**Exercise material**
=-=-=-=-=
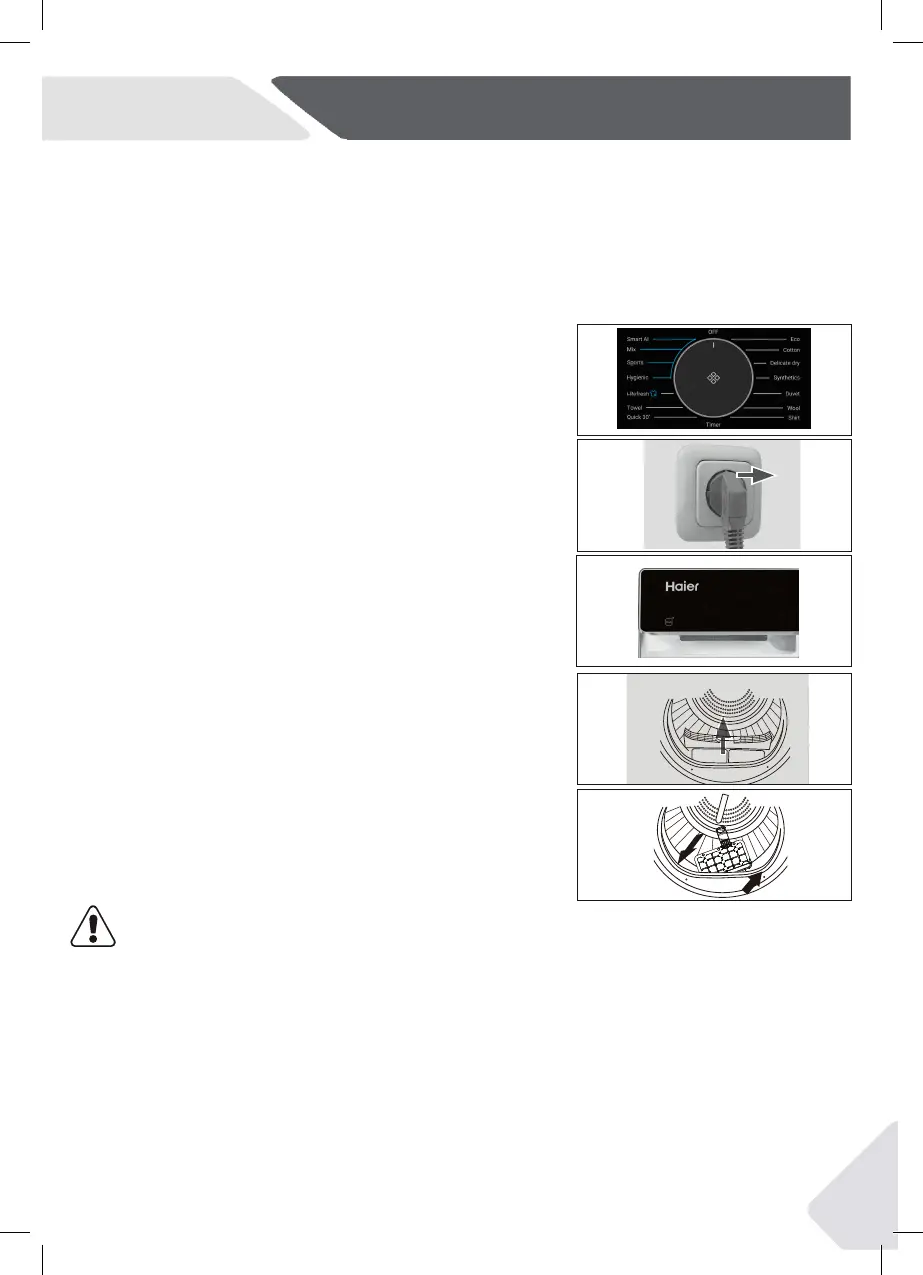 Be careful when taking out or adding clothes! The Interior of the drum or the clothes
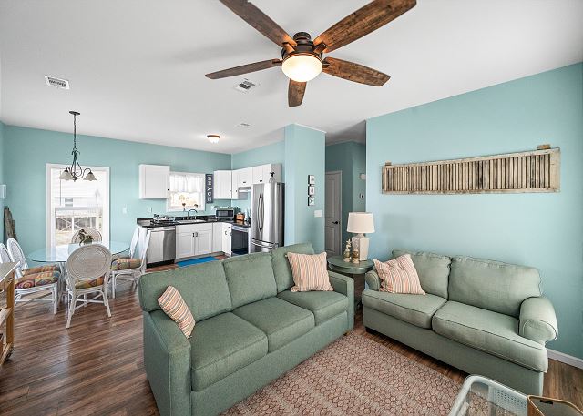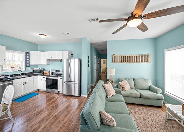 "Great place for our family to get together. It was the perfect size for the six of us. Beautiful sunsets and walking distance to the beach. Recommendations on the house would be to have ceiling fans in the bedrooms and living room and also the flooring wasn’t properly installed making it rough on your feet to walk on it. "
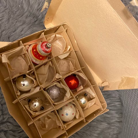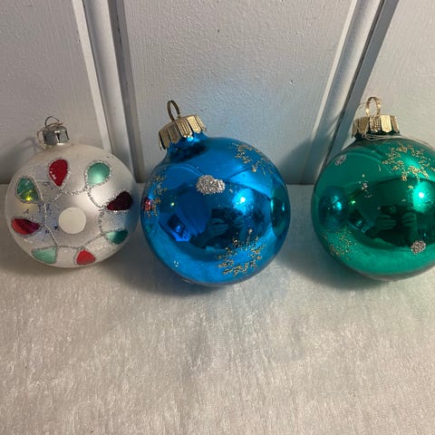 Forskjellige gamle/retro julekuler i plast og glass, noen i god stand andre i dårligere stand! Sjarmerende uansett.
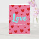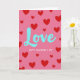 This greeting card features a rosy pink background covered with red hearts in different sizes, scattered all over like confetti. In the center, the word “Love” is written large in aqua blue with a brush-painted look and slightly rough edges. The letters have gentle curves that make the word feel warm and romantic, and it stands out clearly against the pink. Just below it, the text “HAPPY VALENTINE’S DAY” appears in small white sans-serif letters, centered and easy to read. The hearts tilt in different directions, which adds a light sense of movement without feeling busy. Overall, the mix of pink, red, and aqua gives the card a sweet, friendly Valentine’s Day feel 💕❤️.
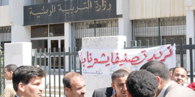 وجاء في بيان للمحتجين، أنه “وفي ظل الظروف الصعبة التي يعيشها موظفو وعمال قطاع التربية بفعل التدني الرهيب للقدرة الشرائية والتماطل والتسويف غير المبرر في صبّ المخلفات المالية، وأمام التأخر الكبير في إصدار قائمة المهن الشاقة، التي من المفترض أن يتم فيها إدراج قطاع التربية، فإن كل منتسبي قطاع التربية يرفضون الوضع الحالي والمطالبة بضرورة صبّ كل المخلفات المالية العالقة وتمكين الأساتذة المتعاقدين من والمستخلفين من كل مستحقاتهم المالية في أقرب وقت، حيث أن جميعهم أصبح يبحث عن عمل بديل وقت الراحة للحصول على قوت عياله وأولاده، وبعضهم شرع في بيع أثاث بيته من أجل توفير الطعام لأهله، كما طالب المحتجون برفع النقطة الاستدلالية لتحسين القدرة الشرائية،وإعادة النظر في المناهج والبرامج التعليمية، وإلغاء الضريبة على الدخل، وتفعيل منحة الأعياد والمناسبات، وإدماج الأساتذة المتعاقدين، وعودة التقاعد النسبي ومن دون شرط السن، كون التعليم من المهن الشاقة كذلك”.
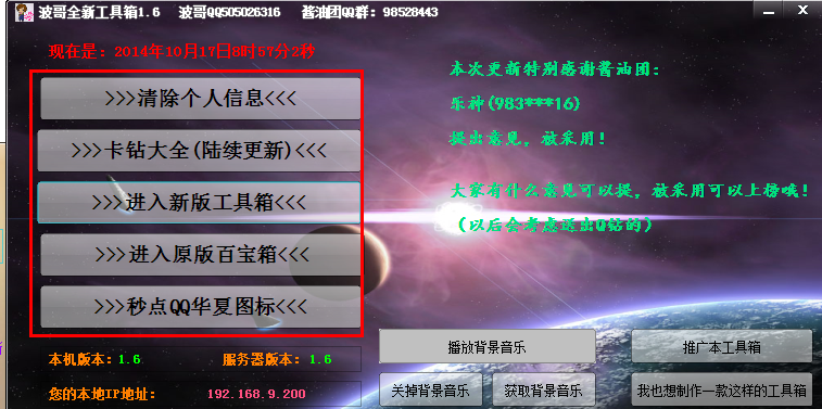对于经常用电脑的小伙伴来说,总是会需要很多电脑基本软件,这时就可以来选择用波哥全新工具箱,里面就包括QQ工具、YY工具、刷钻数程、易语言源码及电脑加速等很多软件,需要的都可以来此下载!
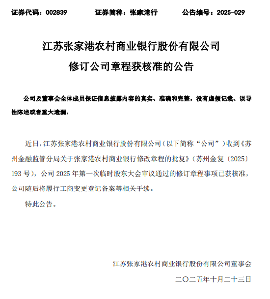 10月23日金融一线消息,江苏张家港农村商业银行今日发布公告称,近日该行收到《苏州金融监管分局关于张家港农村商业银行修改章程的批复》(苏州金复〔2025〕193 号),公司 2025 年第一次临时股东大会审议通过的修订章程事项已获核准,公司随后将履行工商变更登记备案等相关手续。
=-=-=-=-=
**What is required**
Above are records with pictures. Reproduce exactly only the lines from the line with "place for our" through the line with "Forskjellige gamle/retro julekuler", both ends included, and leave the pictures out.

**Output for this exercise**
 "Great place for our family to get together. It was the perfect size for the six of us. Beautiful sunsets and walking distance to the beach. Recommendations on the house would be to have ceiling fans in the bedrooms and living room and also the flooring wasn’t properly installed making it rough on your feet to walk on it. "
 Forskjellige gamle/retro julekuler i plast og glass, noen i god stand andre i dårligere stand! Sjarmerende uansett.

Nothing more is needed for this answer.